(Your goal)
For the material below, return exactly the lines starting at the one holding "Espelho de mesa" and ending at the one holding "Track Helsinki, Tampere, Turku", counting both as part of the range.

START Material shown

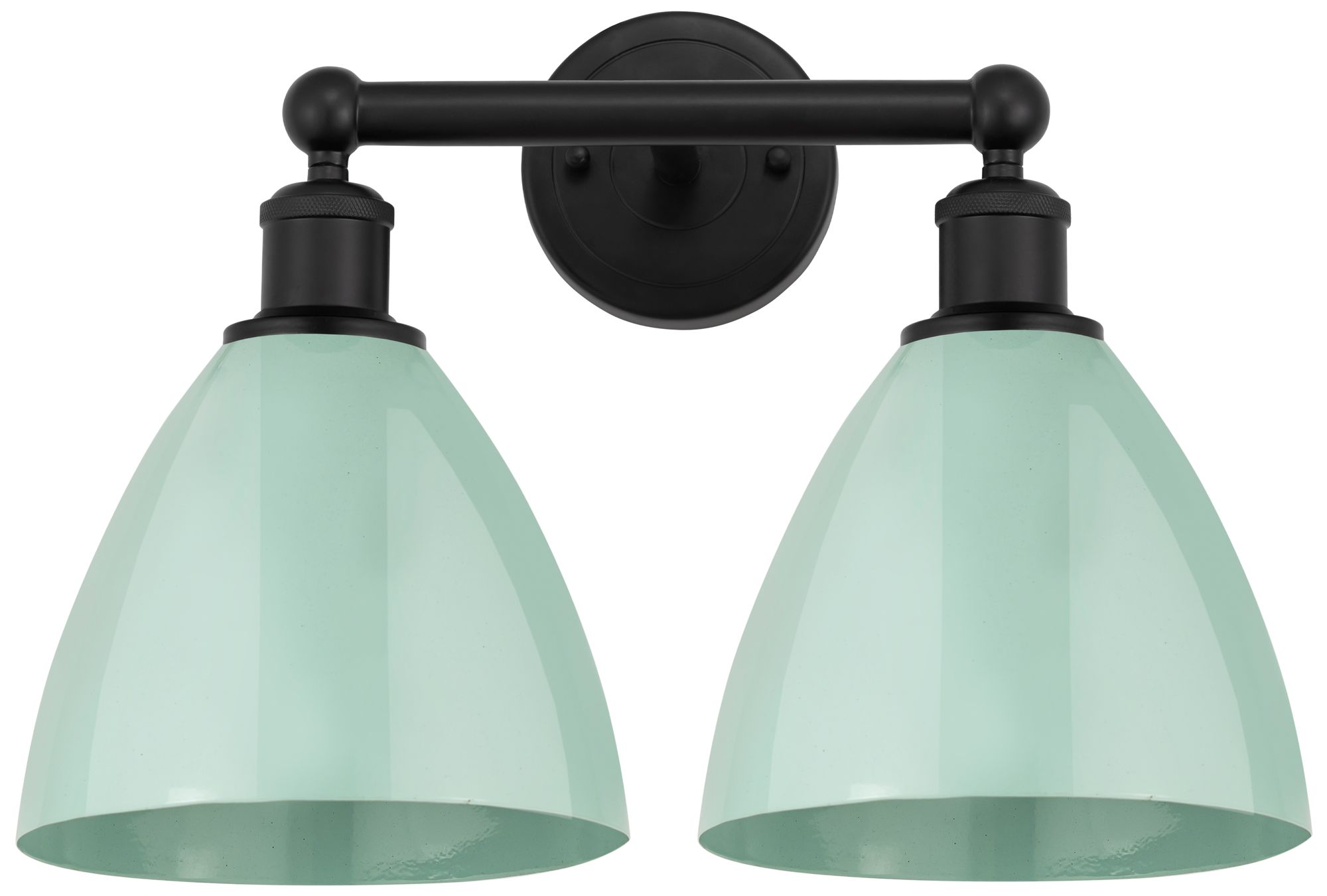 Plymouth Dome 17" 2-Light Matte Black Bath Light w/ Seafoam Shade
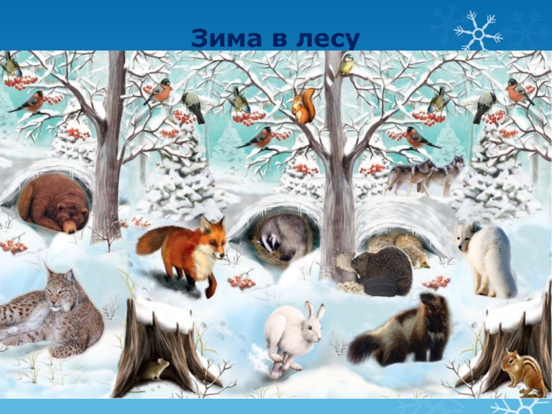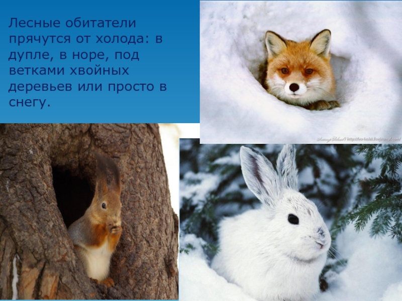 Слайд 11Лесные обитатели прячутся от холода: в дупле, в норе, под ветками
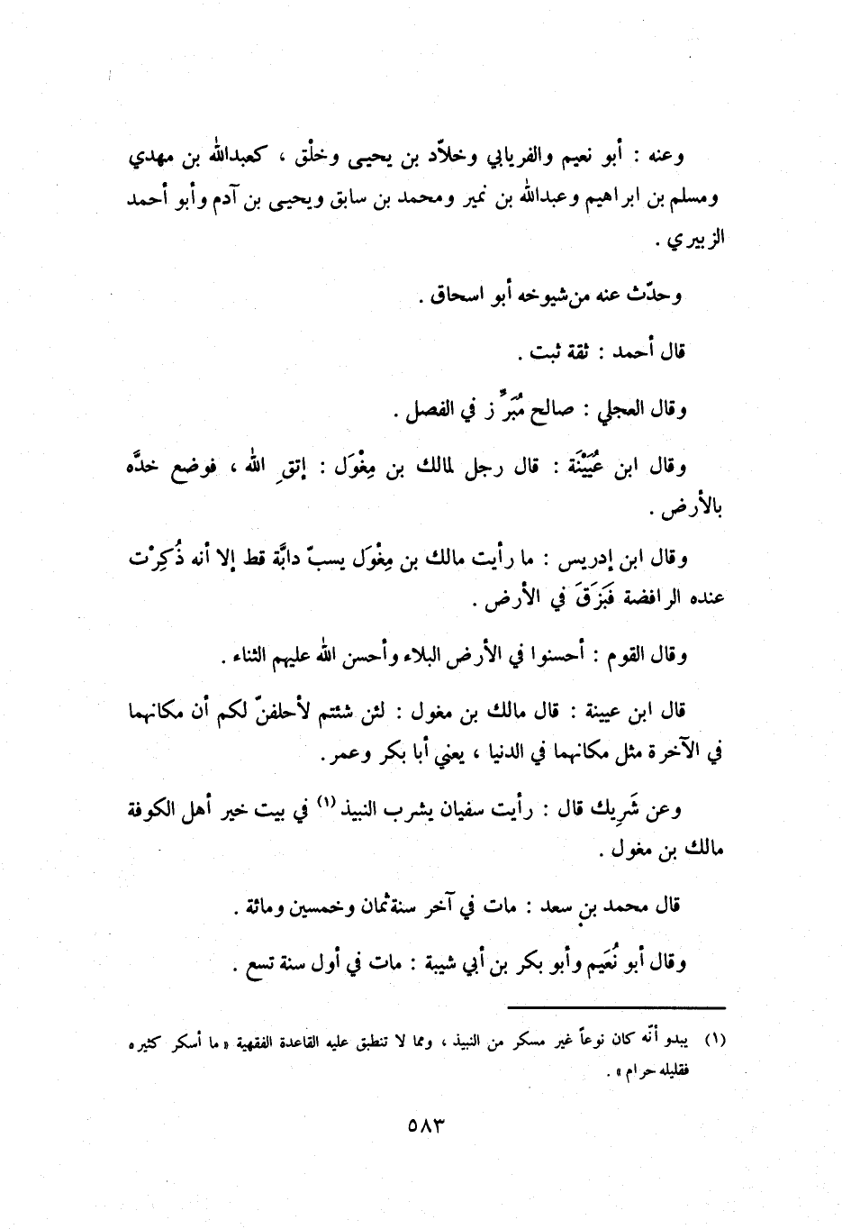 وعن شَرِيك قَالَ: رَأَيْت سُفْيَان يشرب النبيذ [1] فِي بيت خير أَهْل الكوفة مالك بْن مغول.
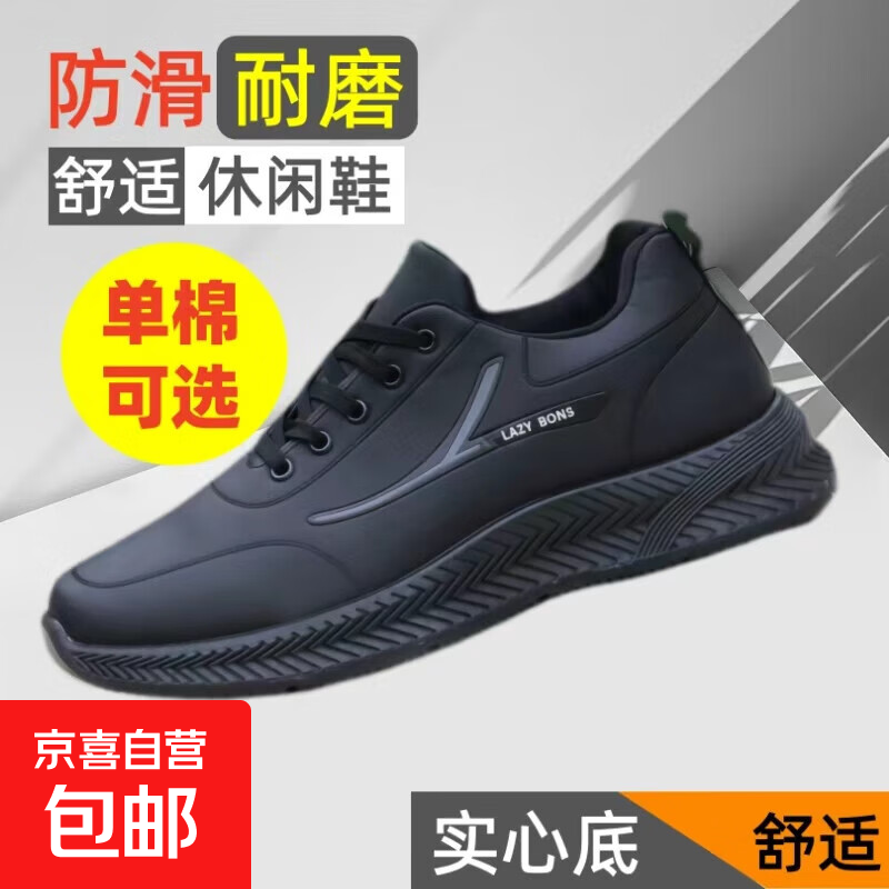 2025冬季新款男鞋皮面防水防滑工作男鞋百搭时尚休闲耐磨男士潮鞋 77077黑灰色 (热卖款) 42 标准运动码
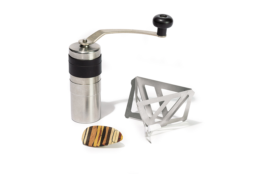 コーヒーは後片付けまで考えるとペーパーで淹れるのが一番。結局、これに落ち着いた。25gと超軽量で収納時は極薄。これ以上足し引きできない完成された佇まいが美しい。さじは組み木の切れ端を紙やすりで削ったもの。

END Material shown
START Material shown

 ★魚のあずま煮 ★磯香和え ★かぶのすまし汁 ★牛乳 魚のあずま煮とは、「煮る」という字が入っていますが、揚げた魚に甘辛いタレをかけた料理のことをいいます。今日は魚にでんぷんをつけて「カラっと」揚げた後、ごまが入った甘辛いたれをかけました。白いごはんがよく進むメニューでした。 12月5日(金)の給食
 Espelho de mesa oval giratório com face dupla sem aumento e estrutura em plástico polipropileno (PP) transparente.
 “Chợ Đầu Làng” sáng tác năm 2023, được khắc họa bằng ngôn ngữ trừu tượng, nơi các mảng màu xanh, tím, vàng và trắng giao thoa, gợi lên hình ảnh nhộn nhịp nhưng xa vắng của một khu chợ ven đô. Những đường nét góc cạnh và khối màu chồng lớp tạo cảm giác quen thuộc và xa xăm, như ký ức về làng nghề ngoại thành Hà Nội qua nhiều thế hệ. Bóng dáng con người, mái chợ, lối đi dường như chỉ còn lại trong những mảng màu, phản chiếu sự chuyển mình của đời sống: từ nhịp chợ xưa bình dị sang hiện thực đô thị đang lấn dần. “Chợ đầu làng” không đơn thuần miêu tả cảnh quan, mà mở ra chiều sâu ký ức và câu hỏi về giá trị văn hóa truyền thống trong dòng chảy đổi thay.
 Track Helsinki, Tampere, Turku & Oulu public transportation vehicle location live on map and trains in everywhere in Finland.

END Material shown

(Reply)
 Espelho de mesa oval giratório com face dupla sem aumento e estrutura em plástico polipropileno (PP) transparente.
 “Chợ Đầu Làng” sáng tác năm 2023, được khắc họa bằng ngôn ngữ trừu tượng, nơi các mảng màu xanh, tím, vàng và trắng giao thoa, gợi lên hình ảnh nhộn nhịp nhưng xa vắng của một khu chợ ven đô. Những đường nét góc cạnh và khối màu chồng lớp tạo cảm giác quen thuộc và xa xăm, như ký ức về làng nghề ngoại thành Hà Nội qua nhiều thế hệ. Bóng dáng con người, mái chợ, lối đi dường như chỉ còn lại trong những mảng màu, phản chiếu sự chuyển mình của đời sống: từ nhịp chợ xưa bình dị sang hiện thực đô thị đang lấn dần. “Chợ đầu làng” không đơn thuần miêu tả cảnh quan, mà mở ra chiều sâu ký ức và câu hỏi về giá trị văn hóa truyền thống trong dòng chảy đổi thay.
 Track Helsinki, Tampere, Turku & Oulu public transportation vehicle location live on map and trains in everywhere in Finland.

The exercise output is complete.